Courtesy of MCT Campus
A day after pro- and anti-government protesters clashed violently downtown, anger aimed at foreigners appeared to spread Thursday in this capital.
Egyptians continued coping with political and social chaos, including long lines to buy food from dwindling supplies or to withdraw money from automated teller machines.

Conversations on streets suggested a small but growing number of Egyptians favor ending the protests and the ensuing upheaval in their lives. Others vow to press on until President Hosni Mubarak leaves office, even as gunfire reverberates.
The new vice president, Omar Suleiman, widely considered the first successor Mubarak has designated, fueled anti-foreign sentiment by going on state television and blaming outsiders for stirring unrest. The government has accused media outlets of being sympathetic to protesters who want the president to quit now rather than serve out his term, as he has vowed to do.
Mubarak, 82, told ABC in an interview that he was fed up and wants to resign. But he said he can’t for fear the country would sink into chaos. He said he was very unhappy about the two days of clashes in central Tahrir Square.
“I do not want to see Egyptians fighting each other,” he was quoted as saying.
Prime Minister Ahmed Shafiq, appointed by Mubarak after government ministers resigned last week, said the interior minister should not obstruct peaceful marches during what protesters have dubbed the “Friday of Departure,” state television said. Organizers of the protest, who call themselves The Youth of the Revolution, hope to gather 1 million demonstrators.
Tarik Samer, an event planner who joined in three days of street protests, said he hopes today’s protest “doesn’t work out, because there’s no need for more” now that Mubarak said he will not run for office again. He promised to leave office after a presidential election in September.
“Let people return to work,” Samer said. “We can get rid of (Mubarak) without making all of Egypt into Tahrir Square,” the downtown square that drew the largest demonstrations in recent days.
Protests engulfing Cairo since Jan. 25 shuttered businesses, forced factories to halt operations, closed banks and the stock exchange, and limited suppliers’ ability to restock store shelves. The price of some basic goods spiked more than 50 percent, and the shortages and price increases are fueling anger and adding to the economic pinch that gave many protesters a reason for joining the demonstrations.
The Washington Post, the New York Times, CBS News and the global Al Jazeera network reported the detention of correspondents trying to report on the growing lawlessness gripping the Egyptian capital.

Reporters for National Public Radio and Foreign Policy magazine suffered blows to the head from pro-Mubarak attackers.
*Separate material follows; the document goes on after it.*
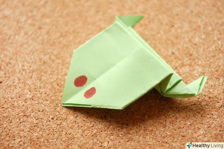 Жаба з паперу-це простий і веселий проект орігамі. Можна зробити велику або маленьку жабу, і якщо ви злегка натиснете на її спину, вона зробить стрибок! Читайте далі, щоб дізнатися, як скласти жабу з паперу.

Reuters television reported that a camera crew was beaten up near Tahrir Square while filming a story about the unrest’s economic fallout. A Swedish television journalist for SVT, whose editors feared had been kidnapped, was found in a Cairo hospital, severely beaten. A Greek journalist for the newspaper Kathimerini was stabbed in the leg, and a photographer with him struck on the head.
A day earlier, CNN anchor Anderson Cooper and ABC’s Christiane Amanpour said they were punched and kicked by pro-government henchmen who smashed their crews’ equipment. The Mubarak supporters descended on  Tahrir Square — some clad in uniforms of Giza pyramid sentries and riding camels and horses — to attack what had until then been a peaceful protest of the president’s 30-year grip on power.
Los Angeles Times photographer Carolyn Cole and two Associated Press reporters were detained while covering the melee, as were journalists from Al Arabiya network, four Israeli correspondents and a Belgian who was writing for French-language publications.
Fox News Channel reported that correspondent Greg Palkot and cameraman Olaf Wiig were “severely beaten” Wednesday, and BBC correspondent Rupert Wingfield-Hayes was detained, blindfolded and interrogated after his car was forced off the road in Cairo.
Clashes continued February 3 in Tahrir Square, a day after forces loyal to Mubarak attacked a far larger crowd of opponents.
Health ministry officials reported 13 deaths and more than 1,200 injuries in Wednesday’s melee.